There's a standard batch
command that does more or less what you're after. More precisely, batch
executes the jobs when the system load is not too high, one at a time (so it doesn't do any parallelization). The batch
command is part of the at
package.
echo 'command1 --foo=bar' | batch
echo 'command2 "$(wibble)"' | batch
at -q b -l # on many OSes, a slightly shorter synonym is: atq -q b
at -q b -r 1234 # Unschedule a pending task (atq gives the task ID)
Another solution is to use lpd
, and create a custom "print driver" that runs your jobs. A friend helped me work this out when I had a similar request. Make a script like this, and put it in /tmp/batch.sh
:
#!/bin/bash
TMPFILE=$(mktemp /tmp/XXXX)
exec <"$6"
cat - > $TMPFILE
chmod a+x $TMPFILE
$TMPFILE
rm -f $TMPFILE
Then run:
lpadmin -p batch1 -E -P /tmp/batch.sh
That starts a queue, and you can create more by using other names instead of batch1. Add a job with:
lp -d batch1 /path/to/jobscript
Manage jobs with lpq
, lprm
, and lpstat
. If you want more flexibility with passing arguments to your jobs, you can make the batch.sh script fancier.
(I tried batch
before going down this route, but either it doesn't work as a queue on OSX, or I was using it wrong.)

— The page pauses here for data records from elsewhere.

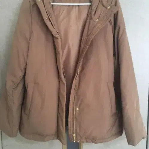 브라운 다운 자켓 후드 부착 y2k
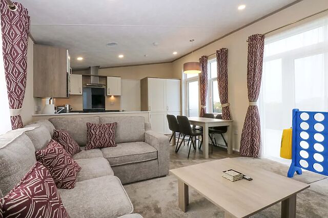 Step into the open-plan living area, where the kitchen comes equipped with the everyday essentials, making mealtimes easy whether you’re rustling up breakfast or putting together something heartier after a long day out. The dining table brings everyone together, while the sitting area, with its electric fire and TV, adds a warm backdrop for slow evenings and early starts alike.
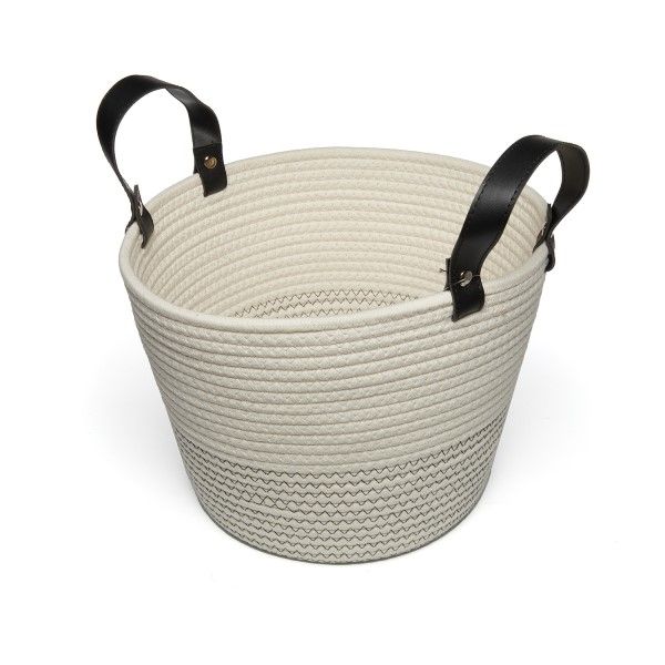 This attractive two-tone basket is made from 100% cotton rope – sustainably farmed and completely renewable. The dark overstitch on the lower layer creates the two-tone appearance. Black leather look handles add a sophisticated element to the basket.
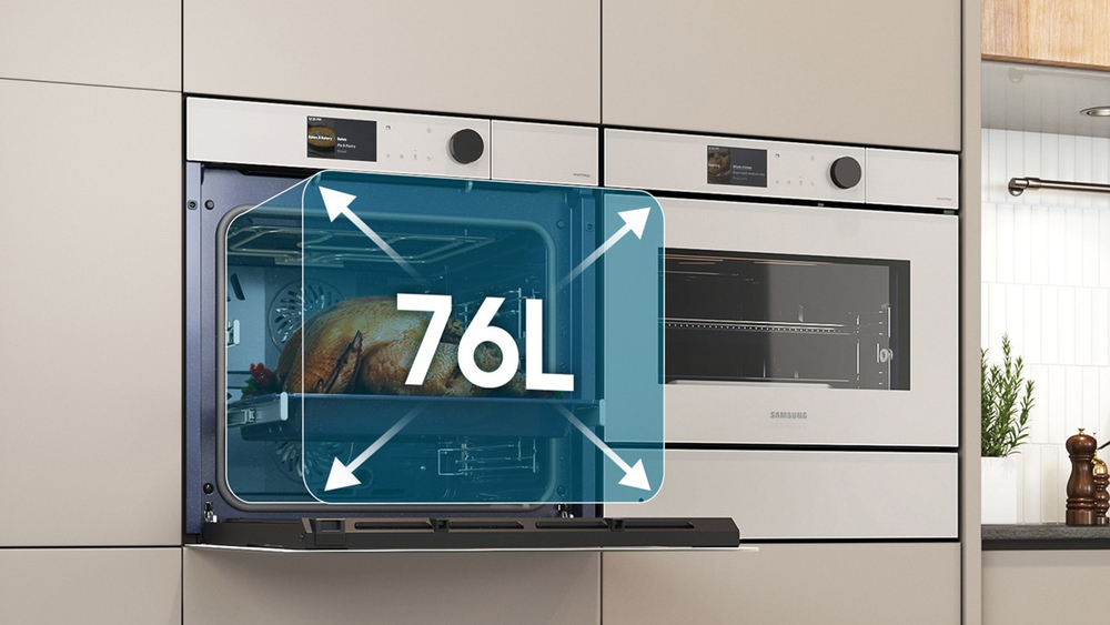 Cucina di più e più in grande grazie all’enorme capacità di 76 litri del forno. Offre molte più possibilità per la cucina casalinga. Puoi preparare insieme tante ricette diverse, ad esempio tutto il necessario per una festa. Oppure puoi cuocere cibi voluminosi, come un enorme tacchino per un pranzo di famiglia.

There are lots of queuing systems, but the are frequently very specialized.
You might look into the at
scheduler. It's like cron
in some ways but it is setup more like a queue for one time jobs than for repeat jobs. It can "schedule" things on criteria other than time, such as system load or sequence of jobs.
Your favorite distro will almost certainly have packages for it.